╔══

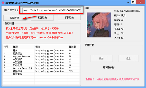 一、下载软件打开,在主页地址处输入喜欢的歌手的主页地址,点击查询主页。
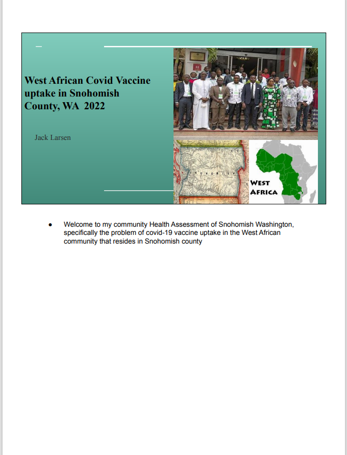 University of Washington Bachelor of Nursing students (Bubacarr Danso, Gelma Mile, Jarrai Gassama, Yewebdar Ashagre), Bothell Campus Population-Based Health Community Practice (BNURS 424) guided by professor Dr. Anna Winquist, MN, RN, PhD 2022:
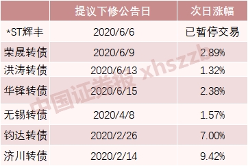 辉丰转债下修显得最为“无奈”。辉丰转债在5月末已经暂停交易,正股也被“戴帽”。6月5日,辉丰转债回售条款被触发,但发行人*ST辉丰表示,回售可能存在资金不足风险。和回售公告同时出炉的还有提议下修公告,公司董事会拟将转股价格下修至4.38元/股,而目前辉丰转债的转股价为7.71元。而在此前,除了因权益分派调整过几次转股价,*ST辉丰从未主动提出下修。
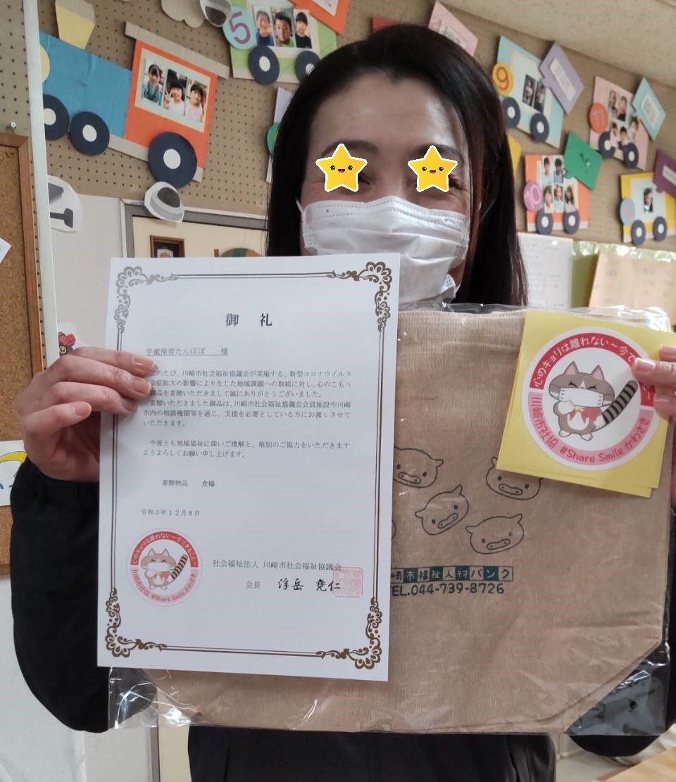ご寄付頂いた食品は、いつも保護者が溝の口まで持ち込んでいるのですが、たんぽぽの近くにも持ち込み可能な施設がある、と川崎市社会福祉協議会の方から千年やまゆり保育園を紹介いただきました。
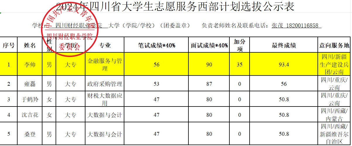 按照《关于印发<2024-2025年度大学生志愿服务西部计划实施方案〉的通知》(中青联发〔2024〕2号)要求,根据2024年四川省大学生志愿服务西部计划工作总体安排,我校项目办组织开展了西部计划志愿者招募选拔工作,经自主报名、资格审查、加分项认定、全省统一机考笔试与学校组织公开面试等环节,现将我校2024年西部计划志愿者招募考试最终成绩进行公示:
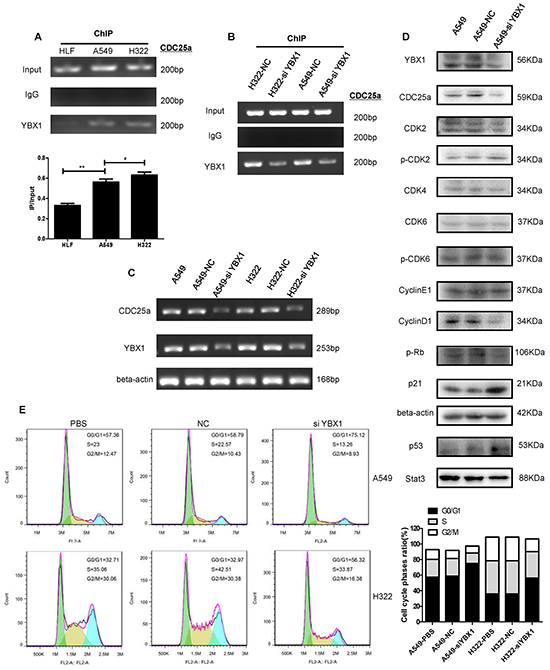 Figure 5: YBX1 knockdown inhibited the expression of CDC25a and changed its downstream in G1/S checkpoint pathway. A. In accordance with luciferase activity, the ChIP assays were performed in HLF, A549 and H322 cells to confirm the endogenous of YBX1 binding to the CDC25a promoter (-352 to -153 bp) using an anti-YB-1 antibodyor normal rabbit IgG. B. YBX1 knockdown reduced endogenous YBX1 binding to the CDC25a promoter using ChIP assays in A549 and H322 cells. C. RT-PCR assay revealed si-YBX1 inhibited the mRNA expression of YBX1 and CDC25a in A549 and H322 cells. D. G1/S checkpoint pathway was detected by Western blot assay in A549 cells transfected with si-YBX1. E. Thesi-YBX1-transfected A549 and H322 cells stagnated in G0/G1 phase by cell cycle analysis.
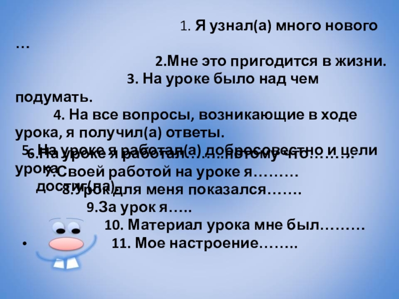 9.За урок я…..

╚══

YOUR ASSIGNMENT.
Pictures excluded, copy the lines exactly from where the material starts to the line with "University of Washington", inclusive.

TASK SOLUTION.
 一、下载软件打开,在主页地址处输入喜欢的歌手的主页地址,点击查询主页。
 University of Washington Bachelor of Nursing students (Bubacarr Danso, Gelma Mile, Jarrai Gassama, Yewebdar Ashagre), Bothell Campus Population-Based Health Community Practice (BNURS 424) guided by professor Dr. Anna Winquist, MN, RN, PhD 2022:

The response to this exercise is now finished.